239 yıl sonra ilk taarruz ve kurt kapanı - Büyük Taarruz

Atatürk, cepheye gitmeden önce annesiyle görüşmek istedi.
Yıllardır cephede olduğu için annesini çok az görebilmişti.
Fakat şimdi yine ayrılık zamanıydı.
Atatürk, taarruz planını gizli tuttuğu için annesine bahsetmedi.
Fakat ömrü, oğlunu cepheye göndermekle geçen Zübeyde Hanım anlamıştı.
Kısa süre sonra oğluna mektup yazdı:
“Oğlum, seni bekledim. Gelmedin.
Cepheye gittiğini biliyorum.
Savaşı kazanmadan geri gelme.”

Afyon'a çekilen düşmanı denize dökmek için fazla zaman yoktu.
11 yıldır süren savaşın ardından Türklerin atımlık tek kurşunu kalmıştı.
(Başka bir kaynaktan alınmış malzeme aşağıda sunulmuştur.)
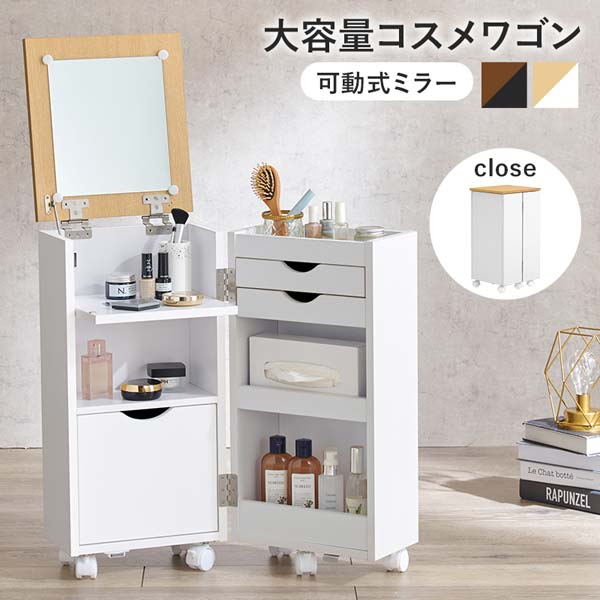 大容量コスメワゴン コスメボックス 鏡付き ドレッサー かわいい キャスター付
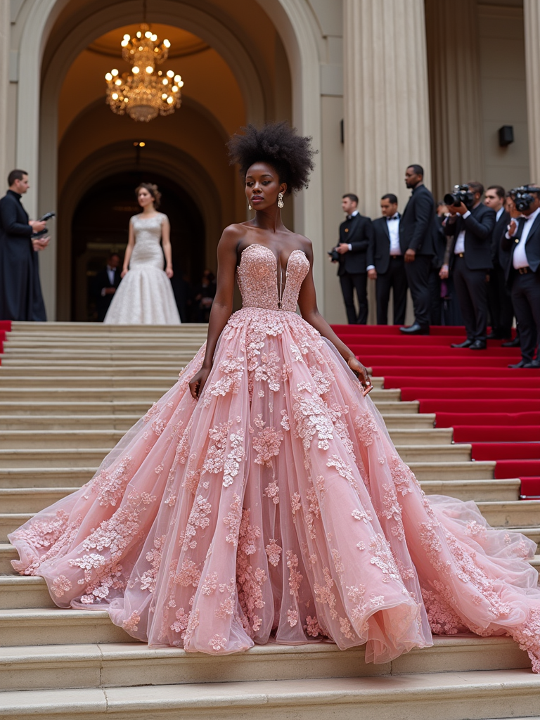 model posing on the iconic Met steps decorated for the gala, wearing a breathtaking haute couture dress with elaborate train , surrounded by photographers and fashion elite, Met Gala signage and red carpet visible
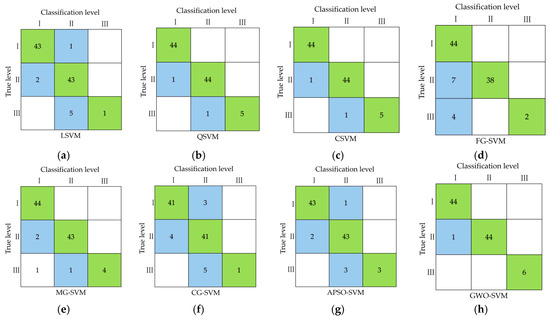 Classification results of eight SVM models: (a) LSVM; (b) QSVM; (c) CSVM; (d) FG-SVM; (e) MG-SVM; (f) CG-SVM; (g) APSO-SVM; (h) GWO-SVM.
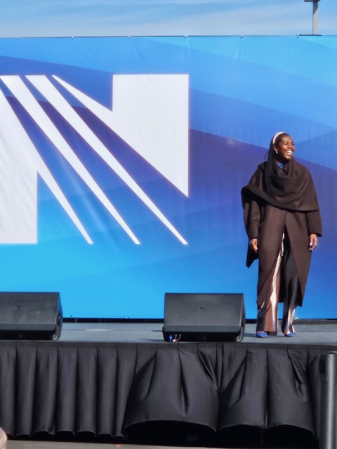 Corenza Townsend appears on stage during a public event tied to the opening of Norton West Louisville Hospital, highlighting nurse leadership in advancing healthcare equity.
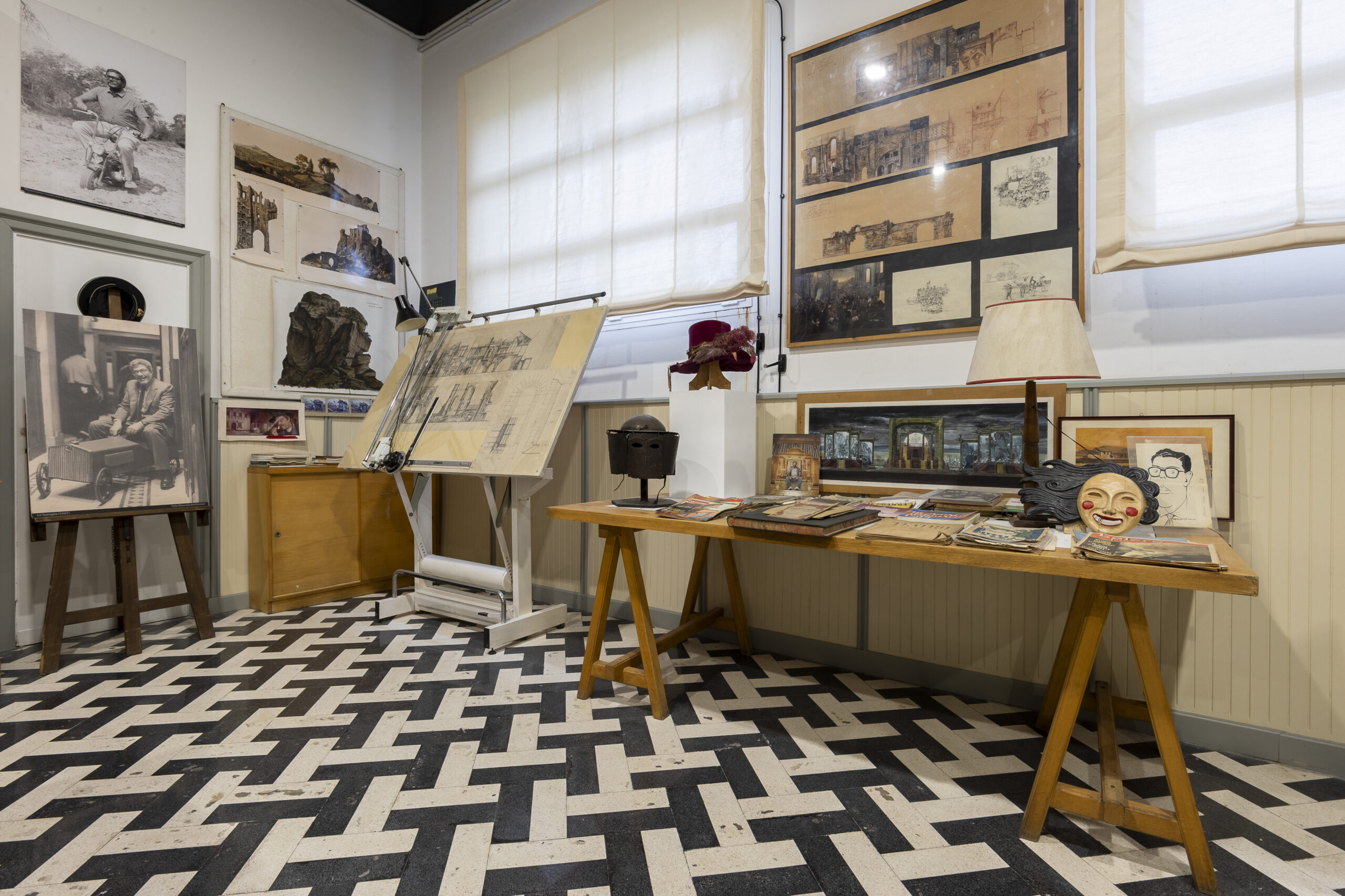 Il nome dello studio EL indica le iniziali dei nomi dei suoi fondatori: la E di Ettore (Scola) e la L per Luciano (Ricceri). Uno studio nato negli anni Ottanta a Cinecittà dalla collaborazione di due cineasti, il grande regista Ettore Scola, che per oltre 50 anni (esordio alla regia nel 1964 con il film ad episodi “Se permette parliamo di donne”, scritto con Maccari), ha ritratto gli italiani e la storia sociale del paese, e Luciano Ricceri, scenografo tra i più grandi, che ha lavorato nella sua lunga carriera per il cinema, la televisione e il teatro. Uno studio che testimonia il loro lungo sodalizio che ha inizio fin dal 1966 con “L’arcidiavolo” e che li ha portati a lavorare insieme in film indimenticabili tra cui, “C’eravamo tanto amati” (1974), “Brutti, sporchi e cattivi” (1976), “Una giornata particolare” (1977), “La terrazza” (1980), “La famiglia” (1987), “Il viaggio di Capitan Fracassa” (1990), “La cena” (1998), “Concorrenza sleale” (2001), fino a “Che strano chiamarsi Federico” (2013), che Scola dedica al suo grande amico Federico Fellini, girato nel Teatro 5 di Cinecittà, proprio per il legame particolare tra questo teatro e il grande riminese. Nello Studio EL sono nati alcuni memorabili capolavori di Scola e Ricceri, ma è stato anche un’officina di talenti, un luogo in cui hanno gravitato molte figure professionali della storia del nostro cinema di ieri e di oggi. Come ricorda Ezio Di Monte, scenografo e arredatore e storico collaboratore di Scola, lo studio era una sorta di bottega rinascimentale, dove si lavoravano le scenografie, si disegnava a mano, si scambiavano idee e si viveva in simbiosi. Dopo la morte di Ettore Scola nel 2016, lo studio è stato portato avanti da Ricceri ancora per qualche anno, con l’aiuto di Cinzia Lo Fazio, anch’essa scenografa e assistente di Ricceri per oltre 20 anni, e che oggi rappresenta la memoria storica di tutto il lavoro che è nato tra queste mura. Proprio per la sua importanza storica e immaginifica infatti Cinecittà, ha deciso di acquisire lo studio, come testimonianza del cinema italiano e di Cinecittà stessa, prendendosi cura dei materiali che sono qui conservati e aprendo le sue porte al pubblico. Ogni oggetto, infatti, ci racconta un aneddoto, un dettaglio utile a ricostruire il grande lavoro di Scola e di Ricceri, delle loro produzioni assieme e del lavoro che si nasconde dietro la lavorazione di un film. L’ambiente Studio EL è stato lasciato molto simile all’originale, uno studio, un laboratorio di artista, dove tra tecnigrafi, librerie stipate di riviste e importanti volumi, sono esposti elementi, oggetti e bozzetti da film, opere teatrali e film per la tv. Studio EL raccoglie e presenta infatti bozzetti, oggetti di scena, maquettes e documenti tratti da film come “Il viaggio di Capitan Fracassa”, “Concorrenza sleale”, “Splendor”, “La Famiglia”, “Atlantide”, “Quo Vadis”, “Marco Polo” e altri lavori di entrambi i protagonisti. Studio EL è visitabile solo con una guida interna del Dipartimento educativo che accompagna il pubblico dei visitatori a scoprire il luogo di creazione cinematografica nato dalla lunga collaborazione tra il regista Ettore Scola e lo scenografo Luciano Ricceri. All’interno della visita guidata sarà possibile ammirare bozzetti scenografici, maquettes e oggetti di scena originali che testimoniano il grande lavoro che sottende alla realizzazione di un film e conoscere aneddoti e curiosità su pellicole che hanno contribuito alla storia del nostro cinema. (Fonte: https://cinecitta.com/studio-el/)

Düşmanı tek hamlede yok etmek için riskli bir plan gerekiyordu.
Atatürk, taarruz planını gizli tuttu.
Futbol maçı düzenleyip komutanları davet etti.
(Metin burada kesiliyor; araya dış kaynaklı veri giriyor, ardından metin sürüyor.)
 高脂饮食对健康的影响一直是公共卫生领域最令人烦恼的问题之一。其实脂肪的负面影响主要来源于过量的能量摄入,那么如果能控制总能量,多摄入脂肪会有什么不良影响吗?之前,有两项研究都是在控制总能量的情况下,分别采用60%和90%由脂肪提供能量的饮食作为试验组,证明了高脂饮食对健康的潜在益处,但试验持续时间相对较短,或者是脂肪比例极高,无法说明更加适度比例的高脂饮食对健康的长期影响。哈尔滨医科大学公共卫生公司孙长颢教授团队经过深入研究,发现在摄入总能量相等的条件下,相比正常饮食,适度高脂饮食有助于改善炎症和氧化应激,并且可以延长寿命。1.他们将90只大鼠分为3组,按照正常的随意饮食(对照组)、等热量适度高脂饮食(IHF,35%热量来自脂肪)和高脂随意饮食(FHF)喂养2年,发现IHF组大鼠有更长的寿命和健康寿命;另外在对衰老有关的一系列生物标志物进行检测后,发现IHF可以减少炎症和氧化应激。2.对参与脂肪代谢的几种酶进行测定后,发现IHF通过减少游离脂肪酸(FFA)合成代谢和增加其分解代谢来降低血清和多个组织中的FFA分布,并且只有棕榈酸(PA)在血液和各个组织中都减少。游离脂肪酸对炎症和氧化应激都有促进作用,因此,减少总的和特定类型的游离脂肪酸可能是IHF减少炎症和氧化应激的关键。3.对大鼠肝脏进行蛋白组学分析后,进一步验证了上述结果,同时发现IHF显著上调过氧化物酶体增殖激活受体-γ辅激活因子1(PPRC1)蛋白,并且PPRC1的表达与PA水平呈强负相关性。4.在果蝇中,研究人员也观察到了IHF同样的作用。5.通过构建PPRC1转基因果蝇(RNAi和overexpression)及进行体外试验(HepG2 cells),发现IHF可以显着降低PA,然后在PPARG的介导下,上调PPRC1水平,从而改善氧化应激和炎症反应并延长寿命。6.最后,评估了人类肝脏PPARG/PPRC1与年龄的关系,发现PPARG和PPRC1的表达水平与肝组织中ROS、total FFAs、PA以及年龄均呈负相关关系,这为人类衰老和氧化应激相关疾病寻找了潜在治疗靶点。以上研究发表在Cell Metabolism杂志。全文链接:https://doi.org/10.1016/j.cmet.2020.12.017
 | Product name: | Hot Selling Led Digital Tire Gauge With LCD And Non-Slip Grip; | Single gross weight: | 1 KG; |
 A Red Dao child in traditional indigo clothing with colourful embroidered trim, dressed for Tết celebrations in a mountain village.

Ankara'da çay partisi düzenledi.
Bu plan o kadar kusursuz işliyordu ki meclis bile ordunun çürüdüğünü,
hareket edemeyecek hale geldiğini söyleyerek Atatürk'ü eleştiriyordu.
Muhaliflerin bu kara propagandası Atatürk'ün işine geliyordu.
İngilizlerin Black Jumbo adlı casusluk örgütü Türk birlikleri hakkında
elde ettiği açık ve gizli bilgileri İstanbul’daki İngiliz karargâhına bildirmişlerdir.
Ajanlar tarafından mecliste konuşulanları öğrenen İngilizler bir taarruza ihtimal veremiyordu.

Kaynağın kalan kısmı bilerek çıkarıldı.